Soliciting material pursuant to Rule 14a-12 under the Exchange Act (17 CFR 240.14a-12)

 

Pre-commencement communications pursuant to Rule 14d-2(b) under the Exchange Act (17 CFR 240.14d-2(b))

 

Pre-commencement communications pursuant to Rule 13e-4(c) under the Exchange Act (17 CFR 240.13e-4(c))

Indicate by check mark whether the registrant is an emerging growth company as defined in as defined in Rule 405 of the Securities Act of 1933 (§230.405 of this chapter) or Rule 12b-2 of the Securities Exchange Act of 1934 (§240.12b-2 of this chapter).

Emerging growth company  ☐

If an emerging growth company, indicate by check mark if the registrant has elected not to use the extended transition period for complying with any new or revised financial accounting standards provided pursuant to Section 13(a) of the Exchange Act.  ☐

 

 

 


Item 1.01. Entry into a Material Definitive Agreement.

ProstaGene Acquisition Agreement

On August 27, 2018, CytoDyn Inc. (the “Company”) entered into a Transaction Agreement (the “Acquisition Agreement”) with ProstaGene, LLC, a Delaware limited liability company (“ProstaGene”), and Dr. Richard Pestell (“Dr. Pestell” and, together with ProstaGene, the “Sellers”), pursuant to which the Company agreed, on the terms and subject to the conditions stated therein, to purchase from the Sellers substantially all of the assets and rights, and to assume certain obligations and liabilities, associated with ProstaGene’s business (the “ProstaGene Assets,” and such transaction, the “ProstaGene Acquisition”).

The Company, Point NewCo, Inc., a wholly owned subsidiary of the Company (“NewCo”), Point Merger Sub, Inc., a wholly owned subsidiary of NewCo (“MergerCo”), ProstaGene, and Dr. Pestell are parties to the Acquisition Agreement. Pursuant to the Acquisition Agreement, in order to achieve certain tax efficiencies relating to the ProstaGene Acquisition, the Company will reorganize into a holding company by merging MergerCo into the Company (the “Merger”), with the Company surviving as a wholly owned subsidiary of NewCo (the “Surviving Corporation”). In the Merger, pursuant to Section 251(g) of the Delaware General Corporation Law, all of the outstanding capital stock of the Company (including any convertible debt, warrants, options, or other rights to acquire the same) will be converted automatically, on a share-for-share basis, into equivalent capital stock of NewCo (and rights to acquire the same). NewCo will become the successor to the Company for all purposes, including under applicable securities laws. Stockholder approval of the Merger is not required.

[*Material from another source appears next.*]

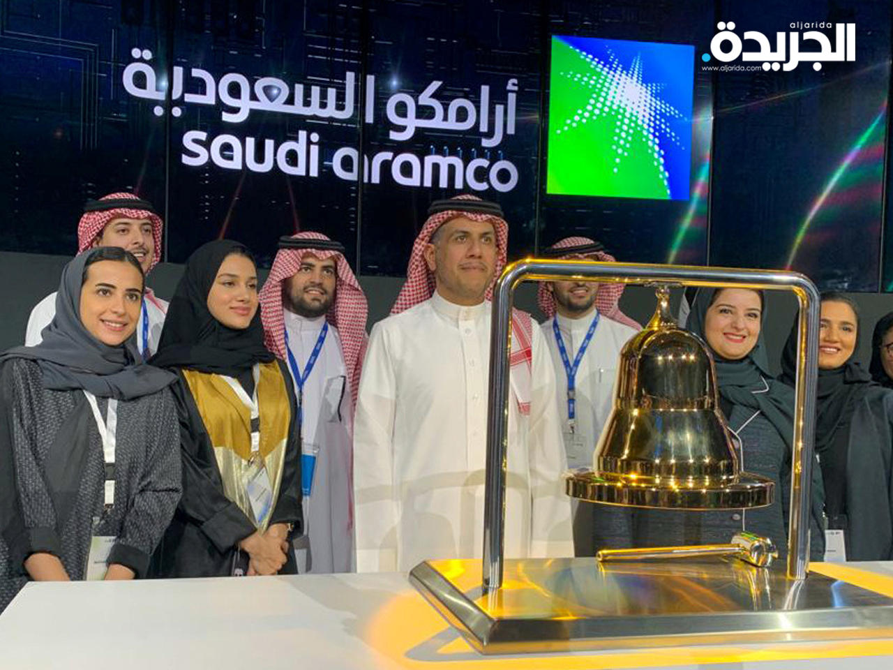 واعتبر أنّه «في هذا اليوم، يحق لموظفي أرامكو السعودية كافة وكل شخص في المملكة أن يشعر بالفخر والاعتزاز».وبعد قرع مسؤولي أرامكو جرس بدء التداول، ارتفع سعر السهم إلى أعلى حد يسمح به في اليوم الواحد هي نسبة 10%، بحسب أنظمة السوق.ويعزز اكتتاب أرامكو موقع السوق المالية السعودية المحلية «تداول»، التي تصبح من بين أكبر عشر أسواق عالمية.ودخلت أرامكو السوق بعدما استكملت أكبر اكتتاب عام في التاريخ، قامت فيه الشركة ببيع 1.5% من أسهمها بقيمة 25.6 مليار دولار، قبل أن تقرّر في وقت لاحق بيع 0.25% إضافية لترتفع قيمة ما قد تجنيه من عملية البيع إلى 29.44 مليار دولار.والاكتتاب العام لجزء من أسهم أرامكو هو حجر الزاوية في برنامج الإصلاح الاقتصادي لولي العهد الأمير محمد بن سلمان المسمّى «رؤية 2030». يسعى المسؤولون إلى استقطاب عشرات مليارات الدولارات لتمويل مشاريع ضخمة ضمن هذا البرنامج الطموح الذي يهدف إلى تنويع الاقتصاد ووقف ارتهان المملكة التاريخي للنفط.وتجاوز الاكتتاب العام أرامكو مبلغ 25 مليار دولار الذي كانت سجلته مجموعة علي بابا الصينية في 2014 لدى دخولها إلى بورصة وول ستريت.وكان من المتوقع أن تبيع أرامكو 5% من أسهمها في السوق المالية المحلية وبورصة أجنبية لم تتحدّد، لكنّها أعلنت مؤخّراً أن خطط الطرح خارج السعودية مؤجّلة.وتأجّلت عملية الطرح في مرات عديدة بسبب إصرار ولي العهد على تقييم الشركة بتريليوني دولار، وهي عتبة قد تصلها في حال استمر ارتفاع سعر السهم في الأيام المقبلة.ويبلغ رأسمال أرامكو ستين مليار ريال سعودي «16 مليار دولار» مقسّمة على مئتي مليار سهم، وباعت أرامكو ثلاثة مليارات سهم في البداية، ثم قرّرت بيع 450 مليون إضافية.وحاولت السلطات تحفيز السوق المحلية على الاكتتاب في الشركة قبل عملية الطرح، وذلك عبر دعوة العائلات الثرية إلى شراء حصص، بينما روّجت وسائل إعلام محلية لعملية الشراء على أنّها عمل وطني.حتى أن الحكومة قامت بضخ أموال هائلة في عملية الاكتتاب العام عبر شراء 13.2% من اجمالي الأسهم المخصّصة للمؤسسات بقيمة 2.3 مليار دولار، على الرغم من أن الهدف من عملية البيع هو تحصيل أموال إضافية لصالح تمويل المشاريع الكبرى.وينظر إلى أرامكو على أنّها الدعامة الرئيسية لاقتصاد المملكة ولاستقرارها الاجتماعي.وقد حقّقت الشركة العملاقة أرباحاً صافية بلغت 111 مليار دولار العام الماضي، لتتفوق على أكبر خمس شركات نفطية عالمية، وبلغت عائداتها 356 مليار دولار.وتقدّر أرامكو احتياطات النفط المثبتة السعودية بـ227 مليار برميل، واحتياطات الهيدروكربون بـ257 مليار برميل.

As consideration for the ProstaGene Assets, NewCo will issue to Sellers either (collectively, the “Stock Payment Shares”) (i) an aggregate of 27,000,000 shares of NewCo common stock, par value $0.001 per share (the “NewCo Common Stock”) or (ii) an aggregate of 270,000 shares of NewCo Series C preferred stock, par value $0.001 per share (“NewCo Series C Preferred Stock”), which will automatically convert into an aggregate of 27,000,000 shares of NewCo Common Stock (the “Conversion Shares”) upon the stockholder approval described below. Whether NewCo Common Stock or NewCo Series C Preferred Stock is issued upon closing depends on whether the stockholders of the Company have previously approved an amendment to the Company’s Certificate of Incorporation to increase sufficiently the number of authorized shares of common stock, as specified in the Acquisition Agreement. If no such increase is obtained, the Company will issue to Sellers shares of NewCo Series C Preferred Stock, which will be redeemable after June 30, 2019 for cash, at a price per share equal to the closing price of the Company’s common stock one trading day before the closing date of the ProstaGene Acquisition.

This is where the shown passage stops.